Christopher Hitchens is one of the few on the Left to have mounted a consistent attack on President Clinton. Known for his admirable turns of phrase, the polemicist has described Bill Clinton’s ramblings as failing to “adhere to the cortex of a thinking human being.” Tellingly, the title of Hitchens’s book about Bill Clinton is No One Left to Lie to. Not quite true, if to judge by the positive response to the President’s final address to the Democratic convention last week. Clearly, the Clinton flubs have not yet worn thin.
When all is said and done, Americans do owe a debt of gratitude to Clinton’s sustained program of non-achievement. Sufficiently hands-off (I’m being cynical) in the economic sphere, at least, Clinton allowed American private enterprise to create prosperity, a feat it achieves with approximately 50 percent of the country’s resources at its disposal; federal, state and local government appropriates the remainder.
But to hear Clinton tell it, the good times are owed to his voracious government. The prosperity, now in its 18th year, began in fact during the Reagan era, in the early 1980s. Backed by data from the National Bureau of Economic Research, economists Lawrence Kudlow and Stephen Moore show that Reagan’s policies of marginal tax rate cuts, trade globalization, including the NAFTA agreement, and deregulation of key industries, are among the measures that unleashed a wave of “entrepreneurial-technological innovation that transformed and restructured the economy.” The result has been the longest business cycle expansion in US history.

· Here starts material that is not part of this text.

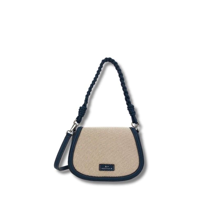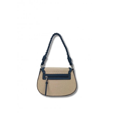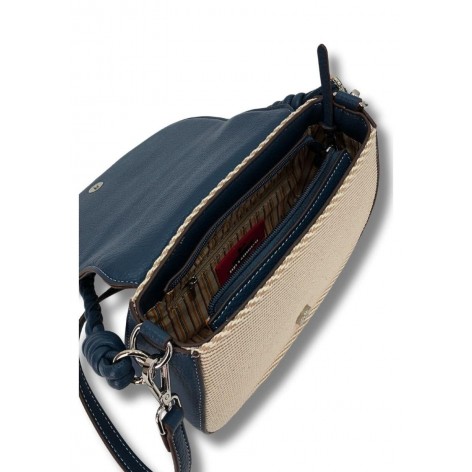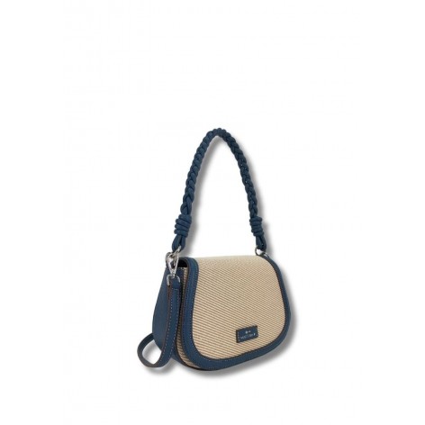 Bolso Solapa Canvas Ribete Asa Trenzada Blue Jeans
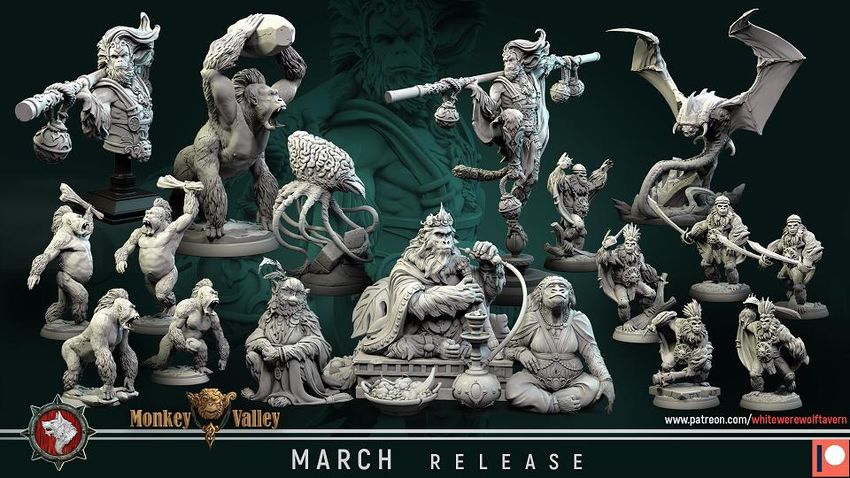 White Werewolf Tavern — это регулярные ежемесячные коллекции высококачественных 3D-моделей для печати, созданные специально для поклонников настольных ролевых игр и коллекционных миниатюр. Мартовский релиз 2022 года представляет тематическую серию «Долина обезьян», включающую 20 уникальных моделей, включая полные фигуры, бюсты и комплекты существ. Все файлы поставляются в формате STL, с предварительной поддержкой и проверкой на печать, что делает процесс создания миниатюр простым и надёжным.

Prior to Reaganomics, the US market had been in a slump due to the “stagflation and anti-market Keynesian” policies, Keynes being the economist whose errors were the raison d’être for government intervention. While unleashing a torrent of choleric abuse from US pseudo-intellectuals, Reagan’s less intrusive fiscal policies and lower tax rates bolstered the US economy to such an extent that it would slump only a record 6 out of 200 months in the decades of Reaganomics.
The Republican Congress, moreover, is owed gratitude for squeezing from Clinton welfare reforms, a balanced budget bill and tax cuts. And to providence thanks must be given for aborting Hillary’s putsch for a Soviet-style health care plan, the kind only Canada and her North Korean and Cuban fellow purists still enforce.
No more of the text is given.